Throwing Coins in the River: Superstition or Science ?
It is a common practice to make a wish upon a coin and throw it in the river to bring good luck. However, this tradition dates back to thousands of years and has a very scientific and logical reason behind it. In ancient times, rivers were the main source of water. Many primitive civilizations flourished at the banks of major rivers and water bodies. The river water was used for cooking, drinking, agriculture, plantation etc. The coins in ancient period were made of pure precious metals that were rich in minerals and had many properties for good health. Copper was the most common mental used in the coins.
Copper, chemical element symbol Cu, is a good electrical conductor. It is said to have antimicrobial properties, cure diseases and kill certain bacteria. Copper is said to have properties that purify and enrich water. It works under the principle of ionization to purify the water. The metal in the coins would dissolve in the water, thus further enriching the river water. This enriched water was used daily by the whole society. Since the body does not need a large quantity of copper, this ensured that everyone got a proper amount of copper each day for good health. Henceforth, via the ritual, people were encouraged to drop coins in the river to make sure enough copper level is constantly maintained in the water for all. In many homes, drinking water is still stored in copper vessels.

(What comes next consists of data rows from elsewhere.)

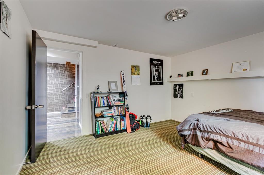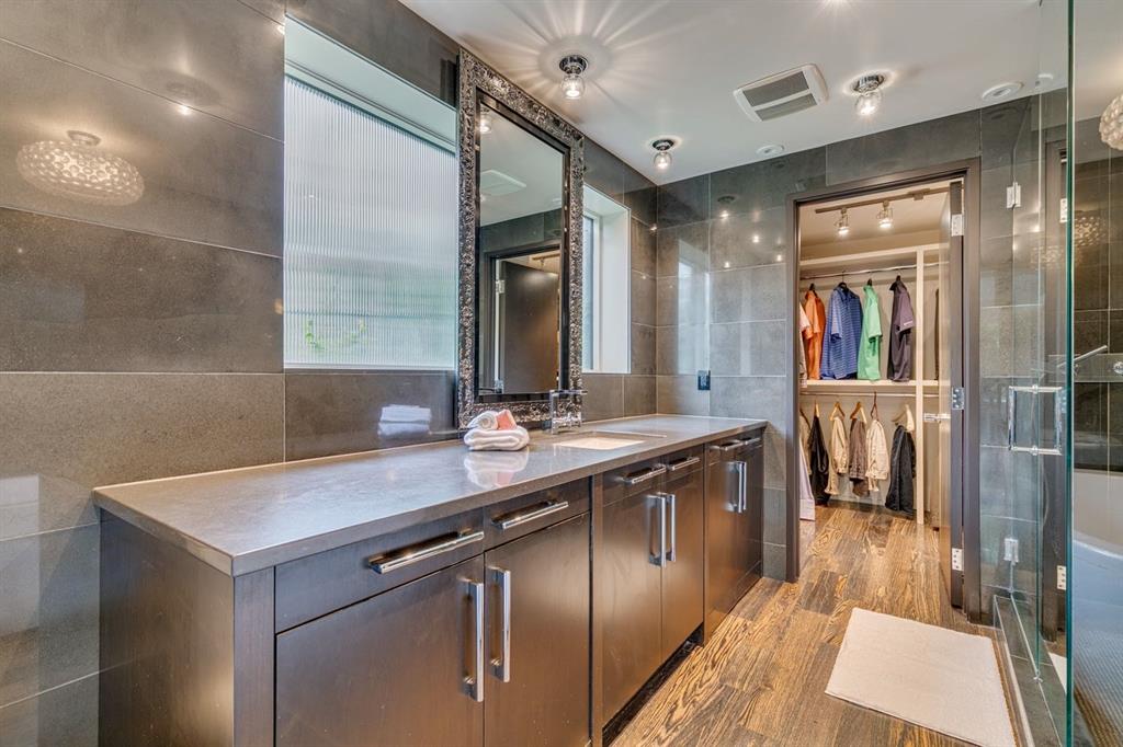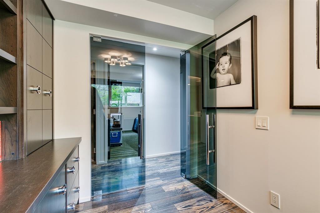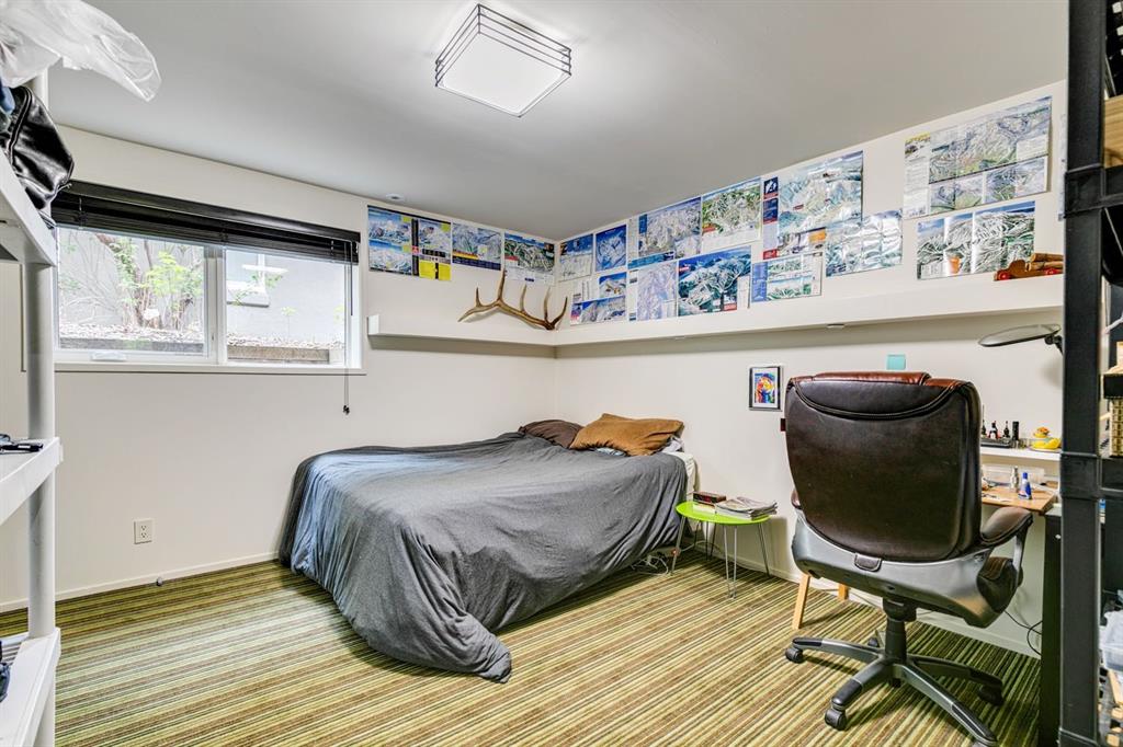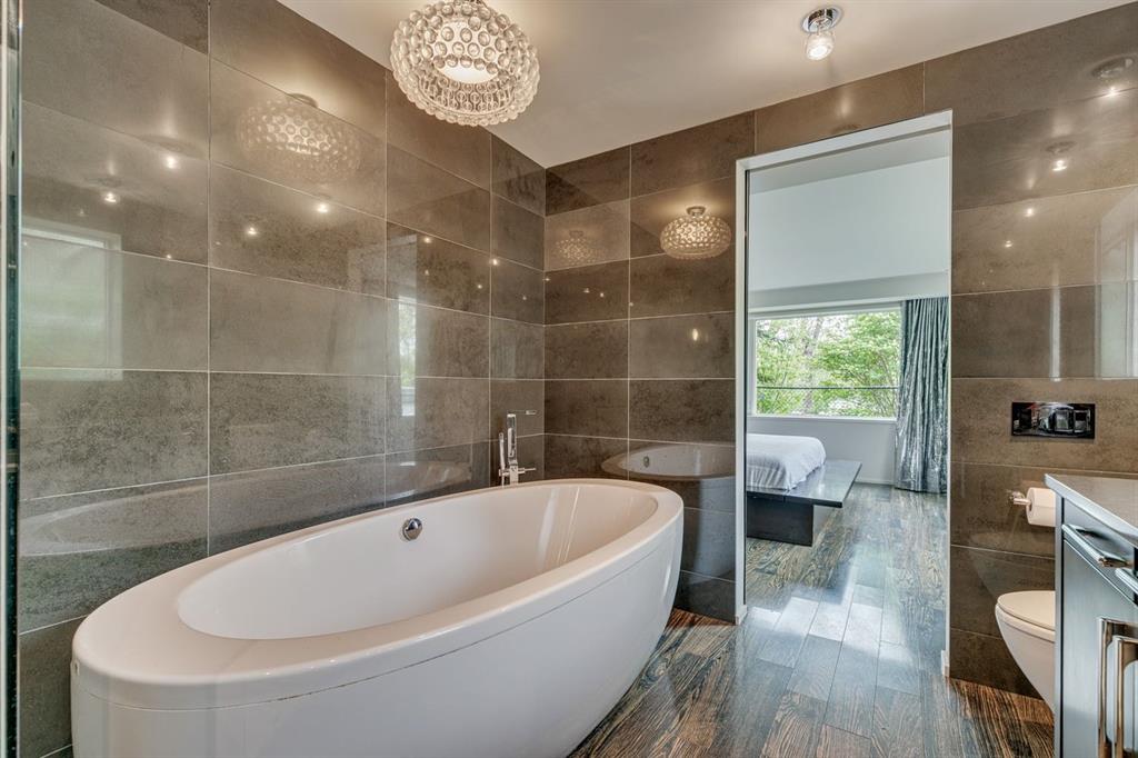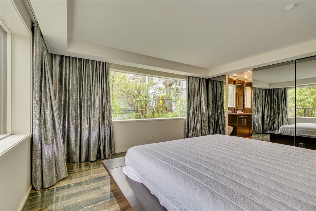 A masterful modern renovation infused with the timeless elegance of 1950s design. Perched on a coveted ridge lot in prestigious Briar Hill, this exceptional hillside walk-out captivates from the moment you arrive. A lush canopy of mature trees and sculpted landscaping welcomes you, setting the tone for what lies beyond. Step into an expansive sunroom bathed in natural light, with soaring skylights and walls of glass that blur the line between indoors and nature. It's the perfect sanctuary to unwind—whether you're sipping a fine wine or indulging in a favourite novel, enveloped in serene beauty. Step into a grand foyer featuring sculptural concrete wall elements and a sleek glass-railed staircase that set the tone for sophisticated living. The front den offers a quiet retreat, while the expansive living room seamlessly flows toward the rear deck, perfectly framed by mature evergreens that provide unparalleled privacy. Crafted for both style and function, the kitchen and dining areas are an entertainer’s dream. The kitchen exudes contemporary glamour with pristine white cabinetry, a mirrored pantry and backsplash, and mid-century lighting. An oversized eat-up island anchors the space, offering abundant storage, while a suite of top-tier appliances, including a Viking wall oven, Miele microwave and dishwasher, a Sub-Zero refrigerator, and a Gaggenau cooktop complete the look. The adjoining dining room is truly impressive in scale and design, offering sweeping views of the Downtown skyline, a stunning backdrop for unforgettable gatherings. Descending to the lower level, you're greeted by rich hardwood floors and subtle stair lighting that create an inviting ambiance. This level is thoughtfully designed as a private retreat, with dedicated spaces for work and rest. The sophisticated home office is enclosed with smoked glass doors and enhanced by custom built-in cabinetry, while a striking feature wall conceals cleverly integrated storage. Three generously sized bedrooms are tucked away on this level, along with a beautifully appointed full bathroom. The primary suite is set apart for ultimate seclusion, enveloped by expansive windows that frame the surrounding landscape. Indulge in a lavish ensuite featuring a deep soaker tub, a sleek glass enclosed shower, and a fully customized walk-in closet—crafted for both luxury and functionality. For the gardening enthusiast, the secluded rear and side yards offer a canvas to create your own private outdoor sanctuary; lush, serene, and tailored to your vision. Thoughtfully integrated into the design, an expansive under deck storage area provides a secure and discreet solution for all your seasonal essentials, ensuring both elegance and practicality are maintained. This Homs is truly in an unbeatable location ideally situated within walking distance to multiple recreational facilities, public transit, the downtown core, Kensington, SAIT, schools, and both the Foothills and The Alberta Children's Hospital.
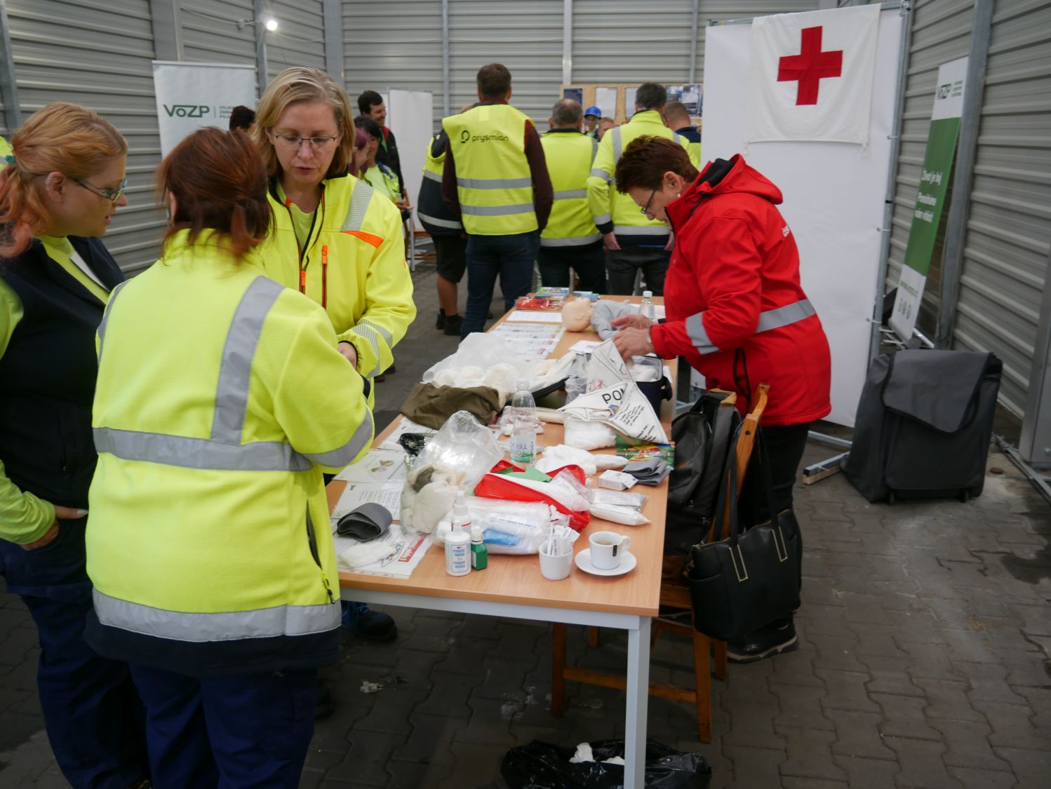 Červený Kříž Třebíč připravil odborné školení první pomoci při nejrůznějších událostech – vyražení dechu, úraz, spolknutí předmětu, ztráta vědomí – správného použití obvazu i vhodného vybavení lékárničky.
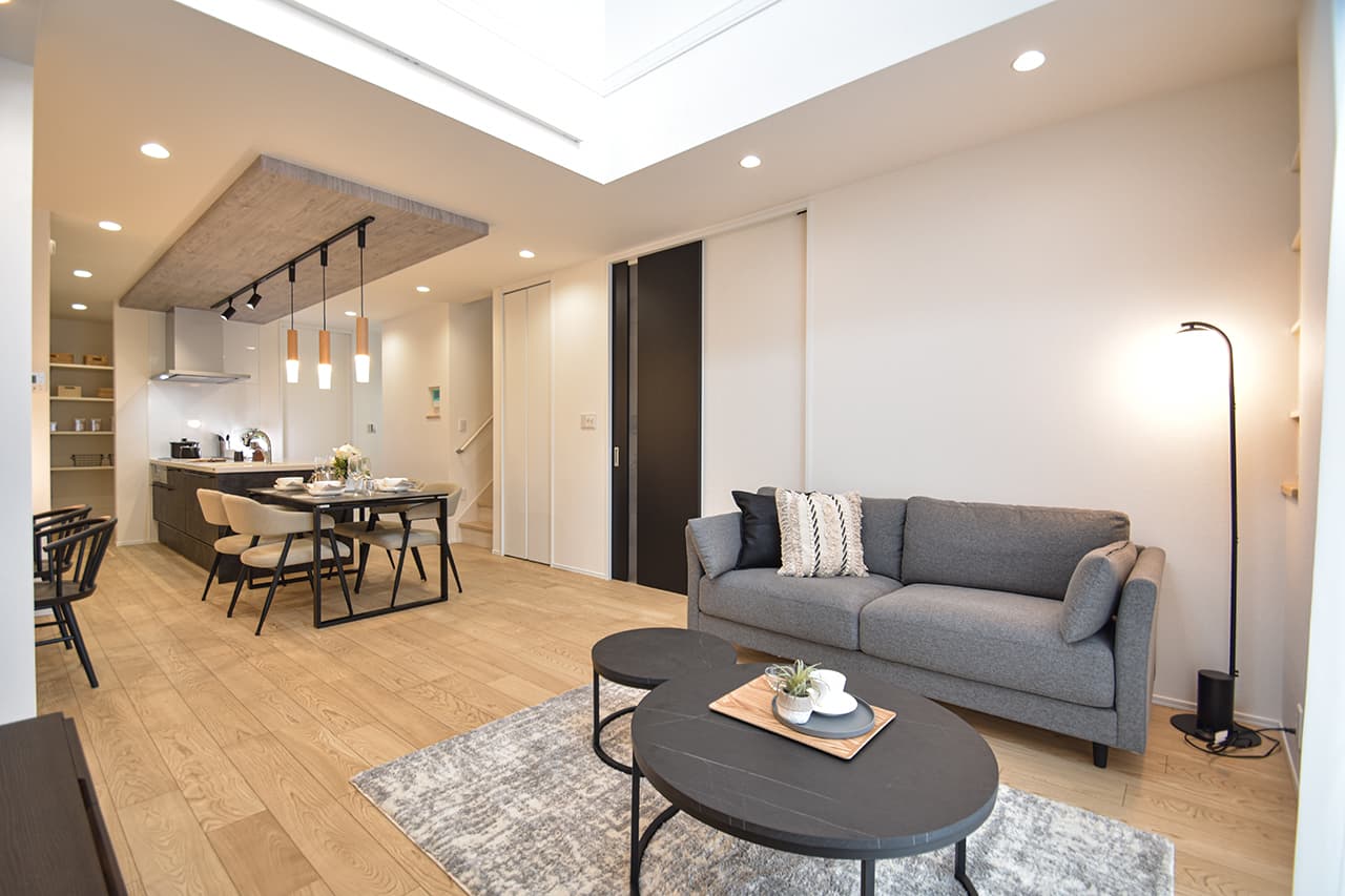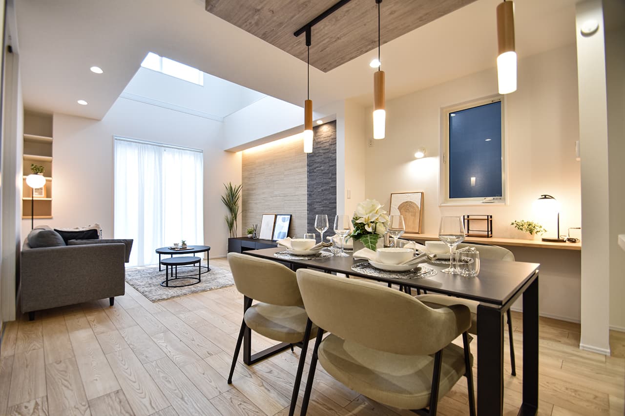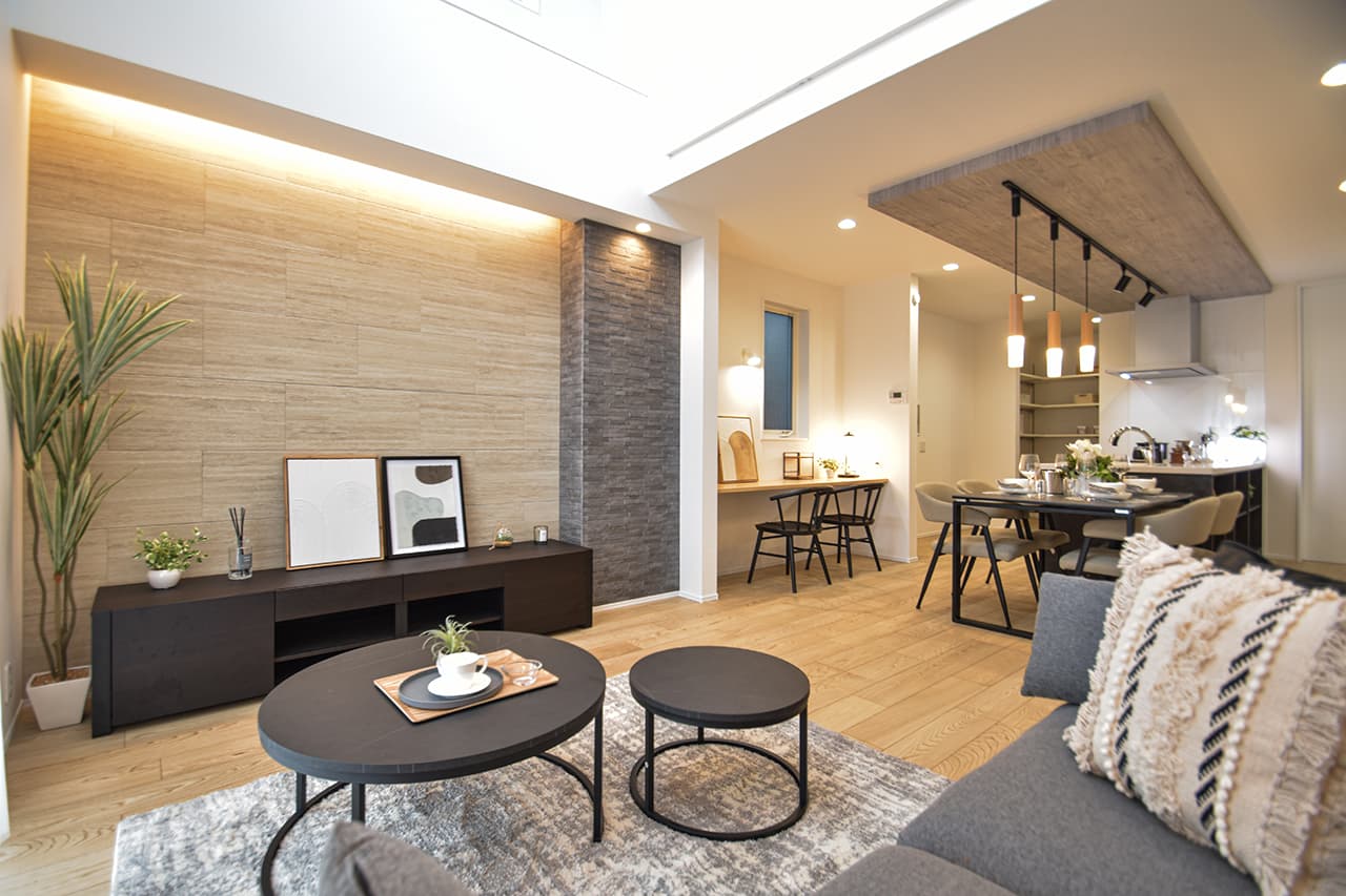 ご家族の団らんや寛ぎの中心となるリビング空間をさらに際立たせる吹抜け天井プラン。2階天井まで続くその圧倒的な存在感と広がりが訪れた方を驚きを持ってお迎えします。大切にしたいご家族やゲストをもてなす上質な空間です。

COPPER is an essential nutrient for the body. Together with iron, it enables the body to form red blood cells. It helps maintain healthy bones, blood vessels, nerves, and immune function and protects cells from damage. It also helps in iron absorption in the body. Low copper levels in the body have been linked to High Cholesterol and High Blood Pressure. It may lead to Cardiovascular disease, Osteoporosis (bone loss) and Anemia (low red blood count).
The richest dietary copper sources include shellfish, seeds and nuts, organ meats, wheat-bran cereals, whole-grain products, and chocolate, nuts, beans, fruits and vegetables. Tap water and other beverages can also be sources of copper, although the amount of copper in these liquids varies by source.